-- Recorded data follows --

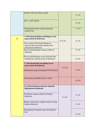 Program tahunan kurikulum 2013 mata pelajaran sejarah kelas X SMA Negeri menjelaskan kompetensi dasar dan alokasi waktu mengajar untuk semester I dan II. Semester I membahas pengertian sejarah, masyarakat pra dan masa aksara, serta dasar-dasar penelitian sejarah. Semester II merekonstruksi kehidupan awal masyarakat Indonesia dan peradaban kuno, serta asal usul manusia di kepulauan Indonesia.
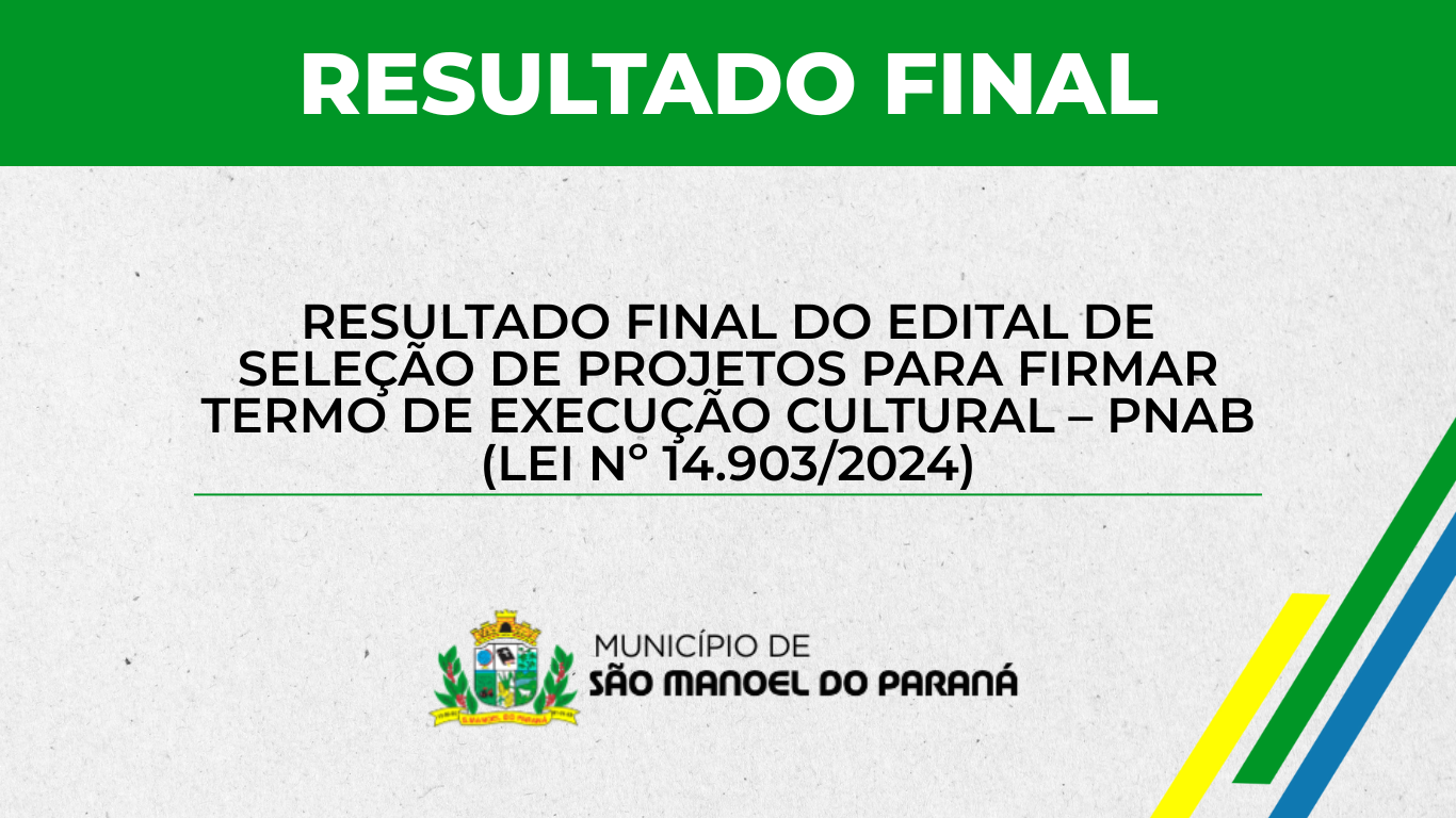 RESULTADO FINAL DO EDITAL DE SELEÇÃO DE PROJETOS PARA FIRMAR TERMO DE EXECUÇÃO CULTURAL – PNAB (LEI Nº 14.903/2024)
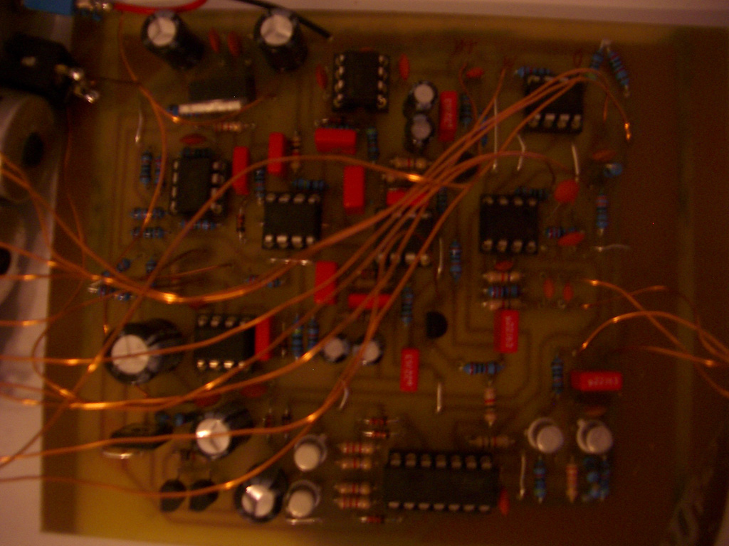 Sorry, I meant the regulated V+ at the LM7808 output pin 3 (should be +8 Volts) and the negative supply rail (from Diode D6 and Capacitor C5, should be about -5 to -6.5 Volts).Originally posted by akademiker View PostI used a 100k resistor instead of C9, the sinus at pin 1 was horrible with 47pf 68pf and 100pf. Changing back to 100pf and taking pics. Now there is no more strange signal when in middle position.
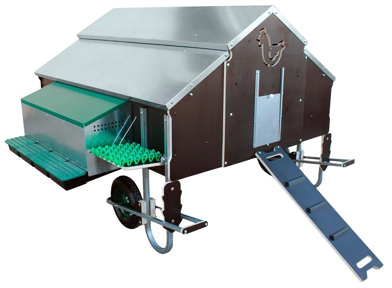 Dieser fahrbare Hühnerstall für den Außenbereich ist die perfekte Lösung für alle, die ihre Hühner einfach und effektiv halten wollen. Durch das integrierte Fahrgestell kann der Hühnerstall leicht an einen anderen Platz verbracht werden, sodass die Hühner wieder ausreichend frisches Futter finden und die Wiesen-/Rasenfläche geschont wird. Geeignet ist dieser Mobilstall für ca. 25 Hühner.Material: Korpus aus Holz (Betoplanplatten ca. 17 mm), Dach aus Blech, Fahrgestell verzinkt. Der Hühnerstall bietet folgende Ausstattungsdetails

-- Recorded data concluded --

Leave out all pictures and extract exactly the lines from the line with "Sorry, I meant" through the end of the material.

Solution below:
 Sorry, I meant the regulated V+ at the LM7808 output pin 3 (should be +8 Volts) and the negative supply rail (from Diode D6 and Capacitor C5, should be about -5 to -6.5 Volts).Originally posted by akademiker View PostI used a 100k resistor instead of C9, the sinus at pin 1 was horrible with 47pf 68pf and 100pf. Changing back to 100pf and taking pics. Now there is no more strange signal when in middle position.
 Dieser fahrbare Hühnerstall für den Außenbereich ist die perfekte Lösung für alle, die ihre Hühner einfach und effektiv halten wollen. Durch das integrierte Fahrgestell kann der Hühnerstall leicht an einen anderen Platz verbracht werden, sodass die Hühner wieder ausreichend frisches Futter finden und die Wiesen-/Rasenfläche geschont wird. Geeignet ist dieser Mobilstall für ca. 25 Hühner.Material: Korpus aus Holz (Betoplanplatten ca. 17 mm), Dach aus Blech, Fahrgestell verzinkt. Der Hühnerstall bietet folgende Ausstattungsdetails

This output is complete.